Plusieurs facteurs expliquent ce
dissensus :
-
les entreprises qui investissent et qui
exportent sont davantage des ETI (Entreprises de tailles intermédiaires) plus
souples en Allemagne, alors qu'en France, il s'agit des grands groupes.
-
Une organisation en réseau depuis longtemps (En
France depuis 2005) : les instituts Fraunhofer en Allemagne depuis 1949,
les TNO aux Pays-Bas depuis 1932, les GTS au Danemark...
-
une faible implication de l'Union Européenne
dans ce domaine, le plan Horizon 2020 ne propose que 80 milliards d'euros sur 7
ans soit 11,4 milliards par an pour renforcer la science, le leadership en
innovation industrielle, les énergies alternatives, les transports, les
personnes âgées... ce qui représente moins de 5 % du budget européen alors
que le budget ne correspond qu'à 1 % environ du PIB de l'Union Européenne.
Plusieurs pistes peuvent
rééquilibrer ces manques continentaux ou ces déséquilibres régionaux : le
passage immédiat à 15 % du budget Européen de la stratégie Horizon 2020 et
à 2,5 % de son PIB pour la France, la création à l'image du conseil
Nordique d'un conseil Latin pour faire le poids face à l'Allemagne (France, Italie,
Espagne, Portugal, Roumanie) et enfin plus de coopération et de partenariats
entre les Etats et les entreprises européennes visant à un équilibrage de
l'aménagement de sites industriels pour favoriser un partage : ne pas
mettre des usines nouvelles qu'en Slovaquie et en Roumanie mais en mettre
également en Allemagne ou en France, ainsi qu'encourager l'investissement des
entreprises Françaises. Sans oublier que la Banque publique d'investissement
que veut le gouvernement financera en partie les projets des PME.
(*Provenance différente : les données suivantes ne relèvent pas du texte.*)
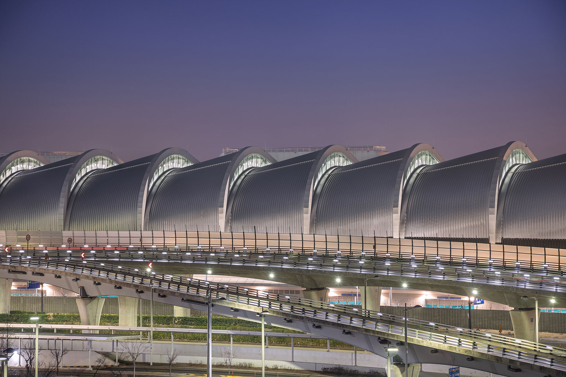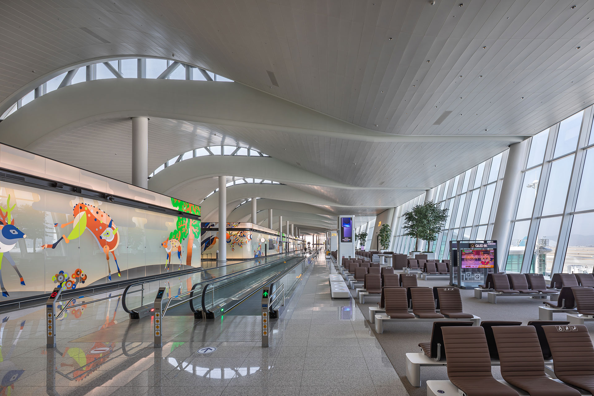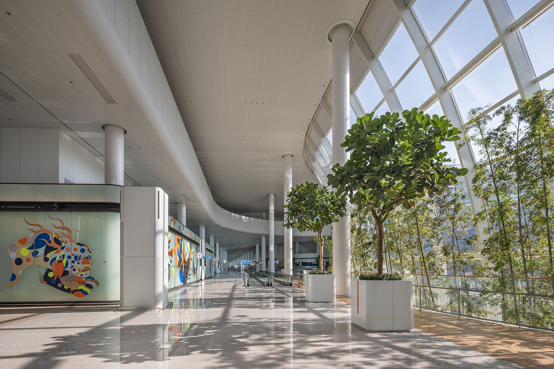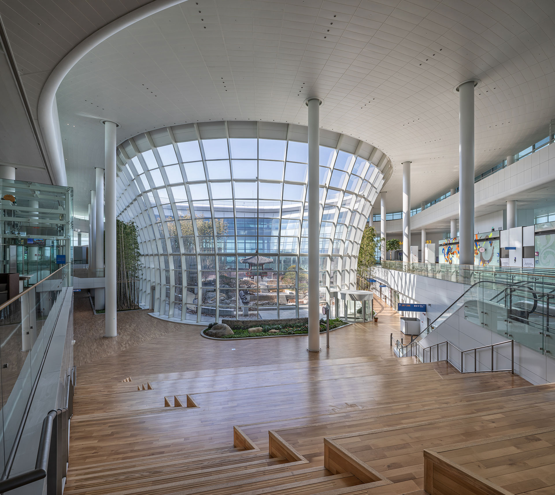 확장된 콘코스는 약 800m에 이른다. 물리적으로는 길어진 거리이지만, 설계는 이를 단순한 이동 통로가 아닌 ‘경험의 시퀀스’로 전환하는 데 집중했다. 공항 전체의 유기적 조형 언어를 유지하면서 기계적 단위 모듈을 적용해, 반복 속에서도 안정감 있는 리듬과 공간 흐름의 변화를 느낄 수 있도록 했다. 초승달 형태를 띤 모듈 사이 틈새로 스미는 북측 자연광은 인공적 환경에 자연을 끌어들인다. 3차원 곡면의 형태를 따라 커튼월은 위로 갈수록 확장되는 형상으로 하늘을 향한 개방감을 강조하고, 복잡한 지오메트리의 천창은 기술적 해법을 넘어선 건축적 완성도를 보여준다. 콘코스 말단의 외부 정원은 끊임없이 흐르는 공항 경험 속에 의도된 ‘정지의 순간’을 제공한다.
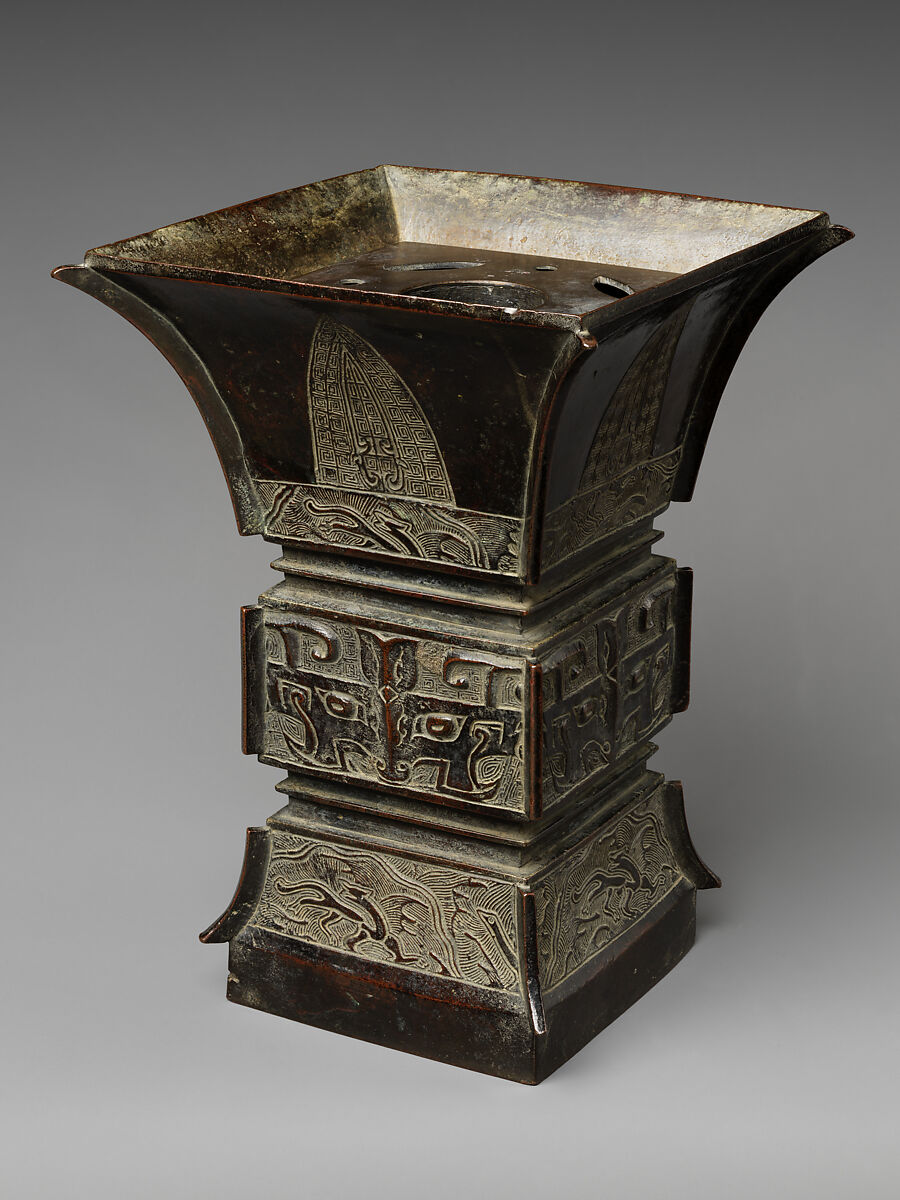 This vase exhibits a monumentality that belies its small size. Its square shape—most such vessels are round—further adds to its assertive presence, as does its crisply cast bold decor. Combining the decorative patterns of the Shang, Zhou, and Han periods (ca. 1600 BCE–220 CE), the vase conveys a hybrid style that distinguishes it as a “new antique” rather than either a faithful copy or a fake. Covered in a lustrous dark patina, its linear design allows it to hold flower branches, typical of those vases circulating in Japan since the fourteenth century.

Les aspects écologiques et
économiques du Développement Soutenable ont été évoqués, reste l'aspect social
qui n'est pas le moins important et qui fait partie de l'innovation. C'est
pourtant un aspect assez souvent délaissé et pas mis au même niveau que celui
de la performance économique, un peu comme le critère écologique. Il s'agit,
sans être moraliste, d'une erreur commise du fait de la domination d'un mode de
pensée néolibéral, d'économie spéculative loin de l'économie réelle et qui a
prouvé son inefficacité.
Une prise de conscience est
entrain, lentement, de se produire dans les milieux professionnels, mais la
bataille culturelle se doit d'être menée à bout.
Jérémy Rifkin parle de
« capital social » et appelle de ses vœux qu'il devienne égal au
capital financier. De manière plus détaillée, nous devons favoriser dans nos
sociétés l'investissement de long terme, mais également une approche plus
qualitative des priorités et des financements de l'innovation, ainsi que la
garantie du respect de l'humain.
Cela passe par une série de
mesures administratives et financières... :
-
faire du Crédit Impôt Recherche une aide pour
les PME
-
créer un guichet unique pour les entreprises
rassemblant les aides et le conseil au sujet des règlements administratifs, de
la fiscalité, l'information sur l'actualité scientifique
-
fonder des Commissariats au Plan régionaux et un
Commissariat au Plan Européen
-
renforcer la médecine du Travail et l'Inspection
du Travail pour lutter contre les troubles Musculo-squelettiques et les
troubles psycho-sociaux.
… et de dispositifs relevant de
l'enseignement et la formation :
-
généraliser l'enseignement des mathématiques,
SVT et sciences physiques dans les filières non-scientifiques et en bac
professionnel
-
lancer des campagnes régulières médiatiques
valorisant la filière professionnelle
-
renforcer les doctorats scientifiques en y
améliorant la double formation (disciplinaire et entrepreneuriale)
-
créer une Formation Tout au Long de la Vie en
fondant une Université Professionnelle financée à 50 % par le public et
50 % par les entreprises qui pérennise les GRETA qui sont les centres de
formation pour adultes de l’Education Nationale, mais qui voient leur effectif
changer trop régulièrement. En transformant les GRETA en Université
Professionnelle, on permet à chaque salarié, chaque chômeur de se reconvertir,
de recevoir une formation fondamentale ou complémentaire. De la même manière
que les enseignants ont droit à au moins une formation au Plan Académique de
Formation, on peut penser qu’il en irait de même pour les salariés.